De simples conseils santé aux accusations les plus graves, la frontière semble s'être effacée en un éclair. Le docteur Jimmy Mohamed traverse une zone de turbulences inédite où sa vie privée percute ses prises de parole publiques. Ses analyses très techniques sur les féminicides deviennent aujourd'hui un écho glaçant à l'actualité judiciaire.
L’onde de choc médiatique éclabousse les rédactions parisiennes
Depuis plusieurs jours, les accusations portées par Souailla Mohamed ont secoué les équipes de France Télévisions et de RTL. L’épouse du médecin a partagé des photographies montrant des hématomes sur ses bras. Elle affirme subir « insultes, menaces » depuis sa demande de divorce et évoque de supposées infidélités. D’après Télérama, Jimmy Mohamed a contesté ces allégations en les qualifiant de mensonges. Il bénéficie de la présomption d’innocence car aucune plainte ne le vise à ce stade. Ces révélations explosives ont immédiatement suscité des discussions internes très vives.
L'onde de choc a même fait ressurgir des propos passés du médecin sur les « violences conjugales ». Sur Europe 1, il avait exposé le rôle majeur des psychotropes avec une précision redoutable. Jimmy avait alors amorcé, citant des données officielles. Un constat terrible qui prend aujourd'hui une dimension prophétique.

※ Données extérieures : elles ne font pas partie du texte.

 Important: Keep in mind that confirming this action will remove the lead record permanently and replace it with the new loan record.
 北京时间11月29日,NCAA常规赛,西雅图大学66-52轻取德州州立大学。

Jimmy Mohamed pointe une vulnérabilité décuplée face aux addictions
Dans son intervention, Jimmy Mohamed a appuyé son raisonnement par des travaux universitaires. Il avait alors détaillé : « on s'est rendu compte que les personnes qui consommaient de l'alcool avaient un risque majoré de violences ». Appuyant son propos, il avait ajouté que « le risque d'agression envers un partenaire intime est multiplié par 3 en cas d'abus ». Des mots scientifiques qui entrent en collision frontale avec le réel.

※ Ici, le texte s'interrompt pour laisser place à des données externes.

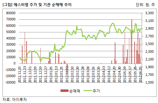 에스비엠에 기관의 순매수 물량이 집중된 것은 지난해 11월부터 올해 1월까지다. 한 동안 잠잠했던 기관은 지난 4월부터 에스비엠 주식을 다시 담기 시작했다. 기관의 순매수세는 6월 초까지 이어졌다. 1차 매수세가 집중됐던 작년 11월~올해 1월 에스비엠의 주가는 2000원에서 2300원을 오갔다. 또 한 번 기관의 매수세가 유입되던 4월부터 6월까지 주가는 2600원에서 3000원을 오르내렸다. 최근 7개월 동안 기관의 순매수량은 75만8260주로 KB자산이 공시한 보유 물량 74만5260주와 유사하다.
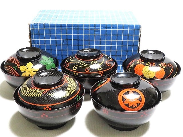 - 煮物椀5客 絵変り 五種絵 漆器 漆塗 紙箱

Quelques mois plus tôt, l’épouse de Jimmy Mohamed l'avait déjà accusé de « violences psychologiques », créant un précédent douloureux. Le médecin avait insisté sur l'étude menée par l’université de Buffalo concernant les comportements altérés. Il avait conclu ce segment par une envolée poignante : « il est temps vraiment de s'attaquer à l'alcool pour justement peut-être limiter les féminicides ». Une charge désormais lourde de sens.
Le docteur prône un arsenal de mesures contre un fléau invisible
Concernant les mesures, Jimmy Mohamed a livré un plan d'action chirurgical pour endiguer le fléau des violences. Il avait lâché une proposition phare : « augmenter le prix minimum de l'unité d'alcool » afin de freiner la consommation. Il prônait aussi de « limiter le marketing, notamment sur les réseaux sociaux » pour protéger les jeunes. Sa vision incluait un accueil humain en commissariat, insistant pour « former le personnel sur les addicts et les gens aux spécificités de l'alcool ».

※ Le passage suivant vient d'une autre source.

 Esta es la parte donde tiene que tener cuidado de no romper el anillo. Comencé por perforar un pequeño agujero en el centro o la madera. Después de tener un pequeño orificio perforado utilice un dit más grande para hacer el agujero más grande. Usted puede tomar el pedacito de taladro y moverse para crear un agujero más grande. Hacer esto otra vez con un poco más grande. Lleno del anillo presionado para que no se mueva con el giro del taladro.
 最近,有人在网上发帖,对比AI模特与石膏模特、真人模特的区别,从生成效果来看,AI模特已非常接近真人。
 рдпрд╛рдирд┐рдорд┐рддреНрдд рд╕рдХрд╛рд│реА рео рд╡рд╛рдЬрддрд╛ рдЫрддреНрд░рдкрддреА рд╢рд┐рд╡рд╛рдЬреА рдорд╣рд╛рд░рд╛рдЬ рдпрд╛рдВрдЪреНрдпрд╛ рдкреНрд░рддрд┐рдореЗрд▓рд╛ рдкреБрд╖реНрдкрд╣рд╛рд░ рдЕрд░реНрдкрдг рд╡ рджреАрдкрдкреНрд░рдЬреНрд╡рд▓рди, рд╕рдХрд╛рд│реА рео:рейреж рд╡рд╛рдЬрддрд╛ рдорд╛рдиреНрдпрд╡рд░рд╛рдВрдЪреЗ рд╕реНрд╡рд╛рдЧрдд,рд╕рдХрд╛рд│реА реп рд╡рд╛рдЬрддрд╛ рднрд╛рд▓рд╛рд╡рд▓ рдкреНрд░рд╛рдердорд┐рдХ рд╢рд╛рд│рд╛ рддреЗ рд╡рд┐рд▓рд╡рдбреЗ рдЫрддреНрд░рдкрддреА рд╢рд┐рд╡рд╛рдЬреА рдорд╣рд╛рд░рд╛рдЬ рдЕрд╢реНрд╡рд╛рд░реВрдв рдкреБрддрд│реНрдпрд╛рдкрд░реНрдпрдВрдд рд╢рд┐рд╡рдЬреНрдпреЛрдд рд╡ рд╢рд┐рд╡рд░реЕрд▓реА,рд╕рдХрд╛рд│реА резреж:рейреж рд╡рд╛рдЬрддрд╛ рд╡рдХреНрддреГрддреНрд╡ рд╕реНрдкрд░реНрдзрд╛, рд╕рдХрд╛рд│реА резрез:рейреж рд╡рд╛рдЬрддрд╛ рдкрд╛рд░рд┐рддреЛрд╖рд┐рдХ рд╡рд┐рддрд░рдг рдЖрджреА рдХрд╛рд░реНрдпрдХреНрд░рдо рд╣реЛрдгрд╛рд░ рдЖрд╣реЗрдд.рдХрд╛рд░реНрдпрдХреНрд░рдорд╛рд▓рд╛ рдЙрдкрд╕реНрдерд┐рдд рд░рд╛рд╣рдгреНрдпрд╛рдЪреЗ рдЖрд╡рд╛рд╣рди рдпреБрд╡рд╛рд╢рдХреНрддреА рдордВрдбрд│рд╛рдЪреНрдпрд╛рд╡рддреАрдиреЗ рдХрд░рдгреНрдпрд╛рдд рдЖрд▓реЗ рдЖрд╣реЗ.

Jimmy Mohamed n’avait pas oublié le volet répressif, évoquant « l'obligation de soins » rarement pratiquée envers les consommateurs violents. Le docteur avait également souligné un point crucial : « la prise d'alcool ou de drogue accroît aussi également le risque d'être agressé ». Il avait conclu ce réquisitoire par un souhait adressé à la ministre : être « sensible à cet appel ».